Canada – Land of Real Estate Opportunity

Many of Canada’s cities have at some point been declared the ‘World’s most livable city’, a reputation earned on the basis of five indicators-infrastructure, stability, environment, healthcare, and culture. With an enviable record like that, Canada real estate is hot property.

With flat, sandy beaches and looming, gigantic mountains, vast open plains and bustling cities, Canadian real estate is as diverse as it is immense. Vibrant South Asian and Chinese communities add ethnic and cultural diversity to this exciting country.

Rules Governing Non-Canadian Real Estate Owners

Any non-Canadian who intends to purchase real estate within Canada and assemble tenants for rent must file form NR6 prior to receiving the first months rent. This form permits the property owner to remit taxes on their net estimated rental income. Those who do not file this form must remit 25% of their monthly rental income to the government-by the 15th of the next month.

Most realtors recommend filing for this certificate as soon as you accept an offer and are finalizing the close on your property. Avoid paying the 25% government royalty-file early.

Mortgage Information for Non-Canadian Real Estate Buyers

Several financial institutions in Canada have designed lending programs to meet the special needs of non-Canadian real estate buyers. Typically, property buyers are required to make a minimum down payment of 35% of the agreed upon price.

Canada’s new immigrant program permits individuals who do not have a permanent or settled status to buy property without having to make the traditional 35% down payment.

However, if you want to qualify for this exemption, you must meet or exceed the following requirements:

– Have a minimum 2 year work visa as well as a work contract of the same duration.

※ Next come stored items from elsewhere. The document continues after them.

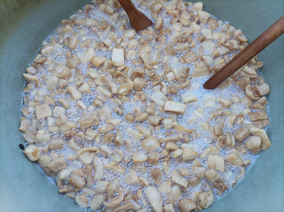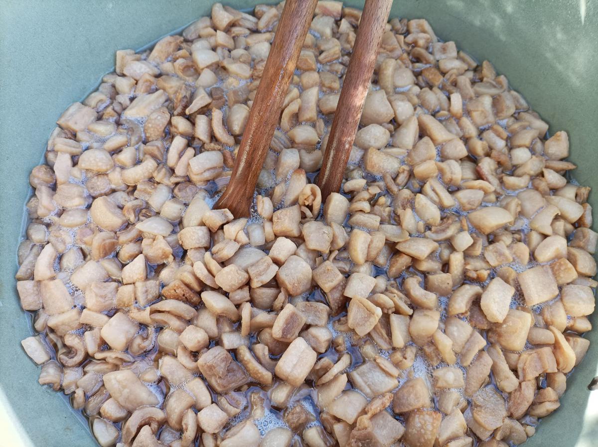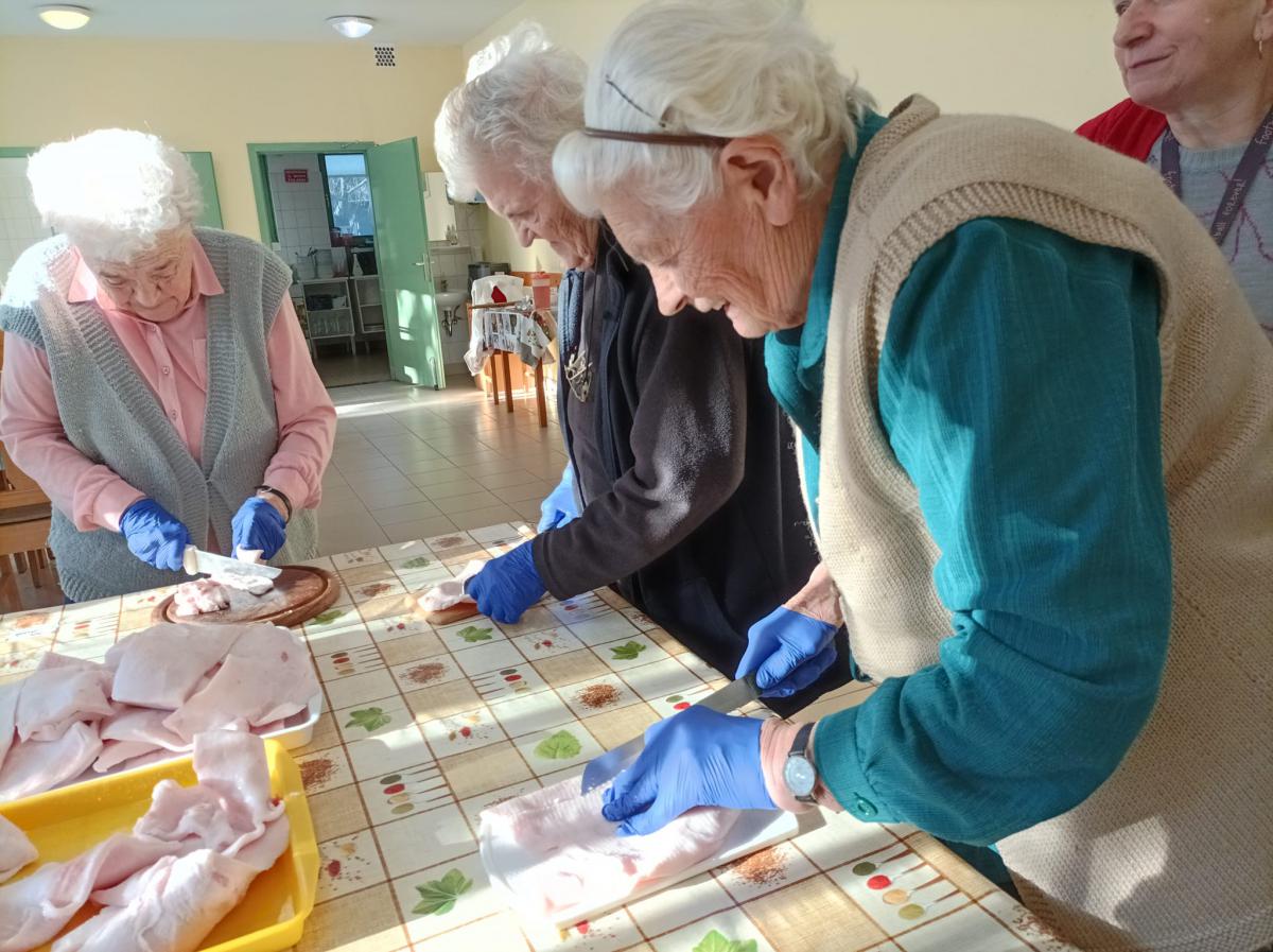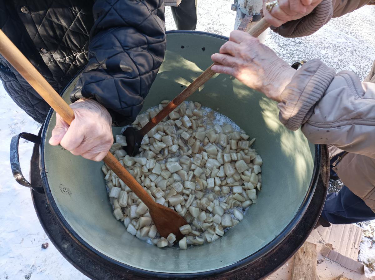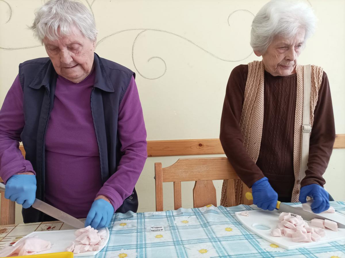 A zsír vágása, katlanban sütése, illata, a sütés mozdulatai emlékeket idézték fel szinte mindenkiben. Az idősek saját történeteiket, sütési fortélyaikat mesélték. A hideg miatt az ebédlőben maradt időseink népdalokat énekeltek. A friss töpörtyű vacsorára került lakóink asztalára.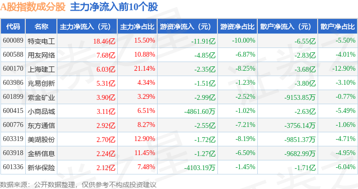 资金流向方面,A股指数(000002)成份股当日主力资金净流出合计683.45亿元,游资资金净流入合计165.63亿元,散户资金净流入合计517.82亿元。成份股资金流向详情见下表: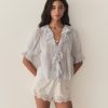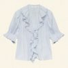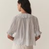 Crafted from the softest organic cotton voile, the Edwardian-inspired Henri Top—which made its debut in Spring 2018—is a Favorite Character we find ourselves returning to again and again. It features a plunging V-neckline framed with cascading lace-trimmed ruffles that extend down the bodice and delicate clustered pintucks at the yoke, back, and short puffed sleeves. A line of hidden starburst buttons run up the center front.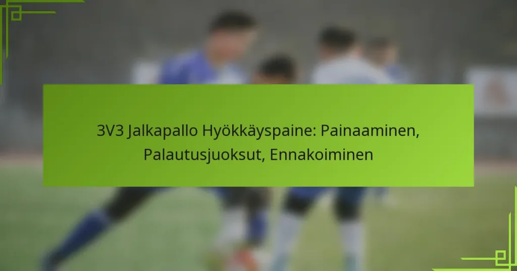 Keskeiset hyökkäysstrategiat 3v3-jalkapallossa sisältävät korkean painepelitavan, leveyden hyödyntämisen, tehokkaan liikkumisen ilman palloa, yhdistelmäpelit ja yksilötaitojen hyödyntämisen maalintekopaikkojen luomiseksi. Jokainen näistä strategioista auttaa joukkueita maksimoimaan hyökkäyspotentiaalinsa tiiviissä peliympäristössä.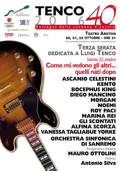Tante le tonalità con cui il Club Tenco ha deciso di dipingere un ritratto del grande cantautore piemontese: si va dall’inventiva musicale di Morgan all’intensità interpretativa di Noemi, dal canto attoriale di Ascanio Celestini all’esuberanza di Roy Paci, dal rap di contenuti di Kento all’anima energica di Marina Rei. E ancora: il suono canadese di Bocephus King, la forza espressiva di Diego Mancino, la creatività de Gli Scontati, la personalità suggestiva di Alfina Scorza sino a una recente scoperta del Club che torna per la quarta volta consecutiva in una manifestazione del “Tenco”: Vanessa Tagliabue Yorke. Ciascun cantante eseguirà due brani di Tenco. Ma non basta: gli artisti saranno accompagnati dall’Orchestra Sinfonica di Sanremo, con gli arrangiamenti, la sezione ritmica e la direzione di Mauro Ottolini, prestigioso musicista jazz aperto ad ogni contaminazione.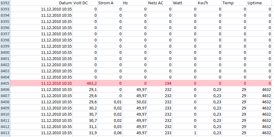 ja die Vorzahl war 0 und hier ist der Datensatz ! Bin gespannt ob andere solche Peaks auch haben.Allerdings kommt das bei mir sehr sehr selten vor.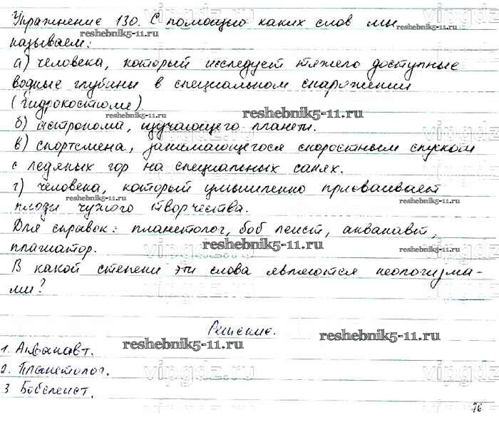 Готовая домашняя работа с ответами по Русскому языку за 6 класс Баранов, Ладыженская, Тростенцова, Григорян, Кулибаба Учебник Часть 1, 2 Просвещение 2015 ФГОС - Упражнения 130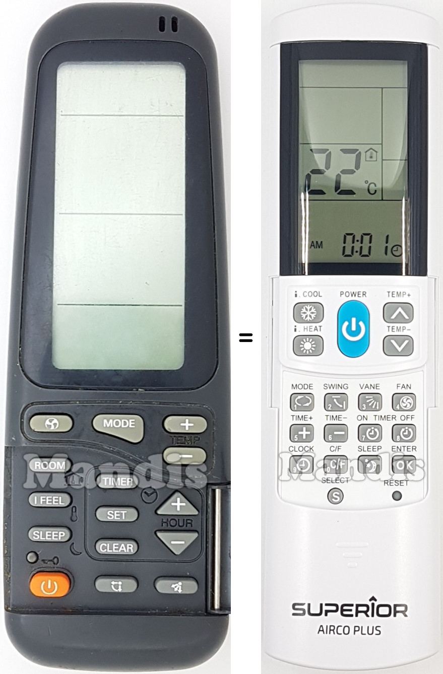 My LG air-conditioner's remote died and need replacement. AircoPlus did the job. I should point out that the code match did not correspond according to manufacturer's table. Let the auto-search code set up do the work. Also, excellent service by Mandis Remotes with a well-protected package.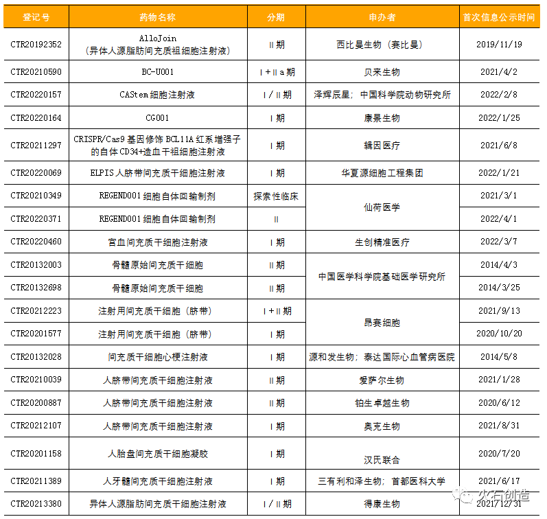 声明:本文为原创文章,欢迎个人转发分享,网站、公众号等转载需经授权。间充质干细胞和造血干细胞是目前临床研究和治疗应用最广泛的干细胞类型,诱导多能干细胞(iPSC)则因其不存在传统干细胞存在的伦理问题,而成为干细胞领域最具前景的干细胞类型之一。CAR-T疗法是当前免疫细胞治疗领域最炙手可热的领域,此外,TCR-T、TIL、NK等免疫细胞疗法也是当前免疫细胞疗法的主要类型。载体介导的基因疗法是目前基因治疗的主要形式,主要包括病毒载体和非病毒载体,广义的基因治疗还包括核酸药物、溶瘤病毒疗法等。本文将重点盘点国内以CAR-T为代表的免疫细胞疗法、以间充质干细胞为代表的干细胞疗法以及基因疗法等临床和注册情况。2004年至今,CDE共承办了62项干细胞药物申请,包括2项进口药品申请和60项国产药品申请,目前已有35项临床申请获得了临床批件或临床默示许可,另有8项申请终止了审批程序或不被批准。从药物注册分类来看,62项干细胞药物申请中共有42项1类新药申请,从2018年至今呈现逐年增长情况,2021年较上一年同比增速超120%,2022年前四个月已有10项1类干细胞药物申请,全年有望以超过50%的增速再创新高。 从干细胞类型来看,间充质干细胞(包括间充质祖细胞、间充质前体细胞等)共有47项,主要来源包括脐带、胎盘、宫血、脂肪、骨髓、牙髓等;胚胎干细胞、造血干细胞、前体细胞、肌母细胞等其他类型干细胞申请仅15项,包括泽辉生物的人胚干细胞产品CAStem、仙荷医学的支气管基底层细胞产品REGEND001,以及两款基因编辑的干细胞产品——康景生物的CG001和辑因医疗的CRISPR/Cas9 基因修饰BCL11A红系增强子的自体CD34+造血干祖细胞注射液。从临床试验来看,目前在中国临床试验注册中心登记开展的干细胞相关临床试验多达600余项,而在CDE药物临床试验登记与信息公示平台上登记开展的以药物上市为目的的临床则有20项,其中进度最快的仅推进至临床II期,离推进至上市仍有很长一段距离。 由研究者发起的干细胞临床研究方面,截至目前我国医学研究登记备案信息系统和卫健委公布的干细胞临床研究备案项目已超100项,批准设立的干细胞临床研究备案机构已达133家(含部队医院)。其中,上海交大附属仁济医院、中山大学附属第三医院分别以6项和5项干细胞临床研究备案项目位居前二,仁济医院备案项目涉及神经系统疾病、骨科疾病和风湿免疫性疾病,中山大学附三医院开展3项针对脊髓损伤的干细胞临床研究,南京大学附属鼓楼医院、郑大一附院、中南大学湘雅医院均以4项干细胞临床研究备案项目并列第三。截至2022年5月,全国已有累计131项免疫细胞疗法申请获得CDE受理,其中CAR-T疗法84项、TCR-T疗法8项、TIL疗法4项、CAR-NK疗法2项,其他类型免疫细胞疗法共33项。其中,共有75项免疫细胞治疗产品申请获得临床批件/临床默示许可,包括CAR-T疗法独(56项)、TCR-T疗法(3项)、CAR-NK疗法(1项)、其他免疫细胞治疗(15个)。 CAR-T领域,我国已上市的瑞基奥仑赛提交的新适应症(成人复发或难治性滤泡淋巴瘤)上市申请被纳入优先审评序列,其以明聚生物申报的用于成人复发难治性套细胞淋巴瘤的JWCAR029也别纳入突破性治疗药物程序。在此之前,已先一步上市的另一款CAR-T产品阿基仑赛的新适应症(复发或难治性惰性非霍奇金淋巴瘤)上市申请也率先被纳入突破性治疗药物程序。从靶点来看,除北恒生物的UCAR-T产品之外,CD19仍是当前扎堆最为严重的赛道,靶向CD19的CAR-T产品共有56个药物申请,其次为BCMA靶点的11个,CD20、CD30、CD70、TGF-β、GPC3、Claudin 18.2、B7-H3等其他单靶点CAR-T疗法。此外,另有4项双靶点CAR-T疗法申请获得CDE受理,分别为赛比曼的CD19/CD20和驯鹿医疗的CD19/CD22双靶点CAR-T疗法。 从临床试验情况来看,目前在CDE药物临床试验登记与信息公示平台上登记开展的CAR-T疗法临床试验共48项。其中,诺华的进口产品CTL019在国内开展的临床试验进度最快,已进入临床Ⅲ期,其他国产1类CAR-T疗法均未进展至Ⅲ期。 其他免疫细胞疗法方面,香雪旗下TAEST16001、TAEST1901和星汉德生物的SCG101三款TCR-T疗法已获得临床默示许可,君赛生物、智瓴生物和沙砾生物各有一款TIL疗法获得CDE受理,国健呈诺的靶向间皮素嵌合抗原受体NK细胞注射液是目前唯一一款进入临床阶段的CAR-NK疗法。截至2022年5月,国内共有27项基因疗法申请获得CDE受理,其中已有9项申请获得临床批件/临床默示许可,包括诺华的进口腺相关病毒(AAV)基因疗法OAV101注射液。同时,共有6项基因疗法临床试验在CDE药物临床试验登记与信息公示平台登记开展。从载体类型上看,AAV基因疗法(包括重组腺相关病毒)占据主导,共有17项。表3:国内IND阶段的基因治疗产品(除CAR-T) 另外,国内目前还有64个溶瘤病毒疗法获得CDE受理,其中已有30项获得临床批件/临床默示许可,主要以疱疹病毒和腺病毒为主要病毒类型,临床进展最快的为达博生物的重组人内皮抑素腺病毒注射液,已进入临床Ⅲ期。如需转载,请留言申请或邮件至contact@hsmap.com处理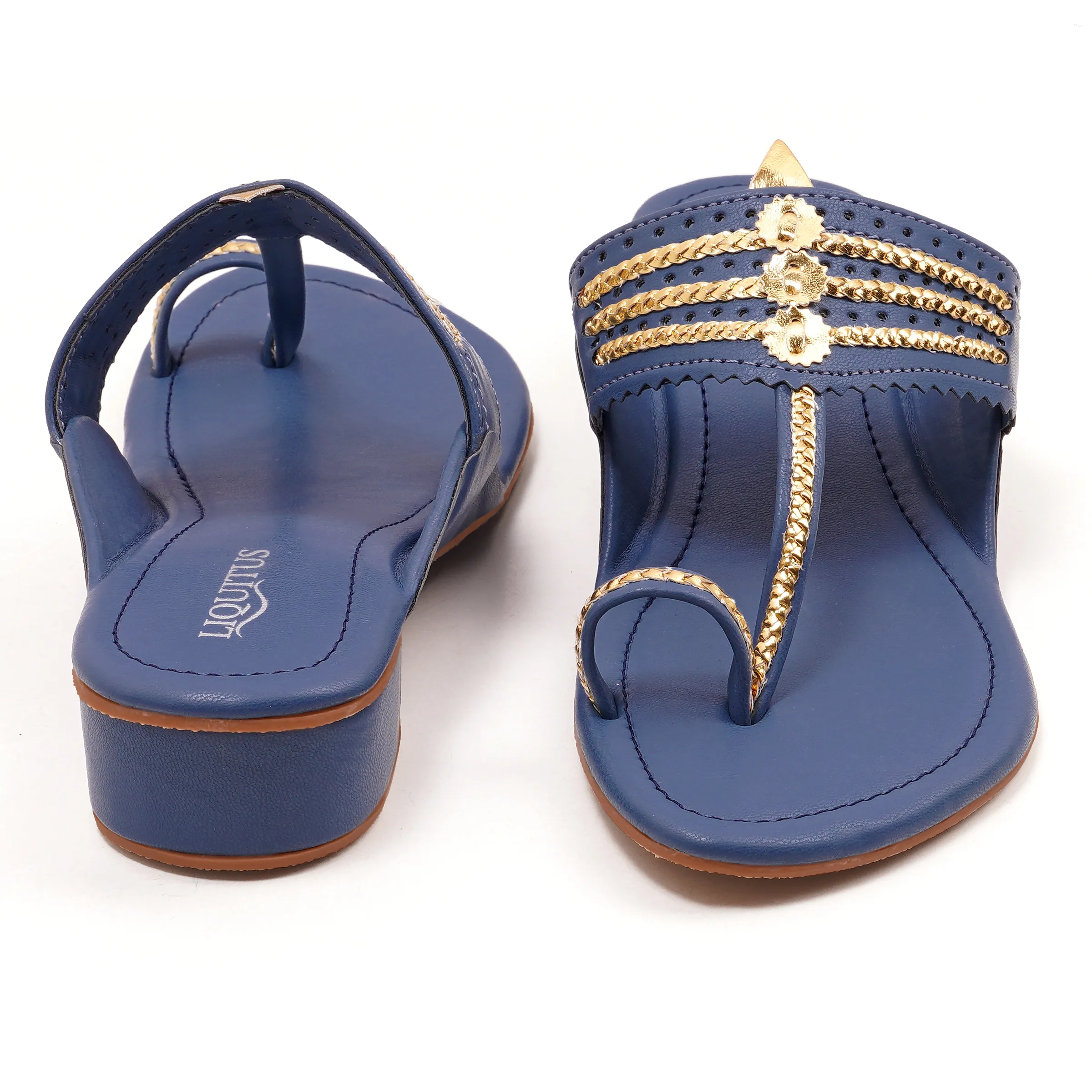 Step into a world where heritage meets modern luxury. The Liquitus Teal Blue Heeled Kolhapuri Sandals are not just shoes; they are a work of art. Designed for the woman who refuses to choose between the elegance of ethnic wear and the longevity of premium footwear.

Executives who get transferred can also take advantage of this allowance if they earn 60K per year.

– Furnish a bank reference letter

– Reside in Canada at the time of purchase

Costs Involved in Buying Canadian Real Estate

If you’re considering buying Canadian real estate, keep in mind the various miscellaneous costs that are associated with closing on a property.

A few basic costs may include include:

Taxes: Canada imposes a 7% tax on new housing, with an applicable rebate if the cost of the home is less than $450,000. Resale housing does not draw the tax unless it has undergone significant renovation. If so, it’s taxed as if it was a new house.

Property Taxes: Property taxes vary depending on location. Your realtor can give you details depending on your location.

Appraisal Fee: If your loan is uninsured, the lender may ask you to complete a property appraisal. Appraisals cost anywhere between $150 and $500. Appraisers generally charge based on square footage.

Other various costs could include lawyer’s fees, survey fees, property insurance and home inspection fee.

Buying real estate in Canada can be an exciting experience. The best advice is to plan ahead-both in property selection and financing.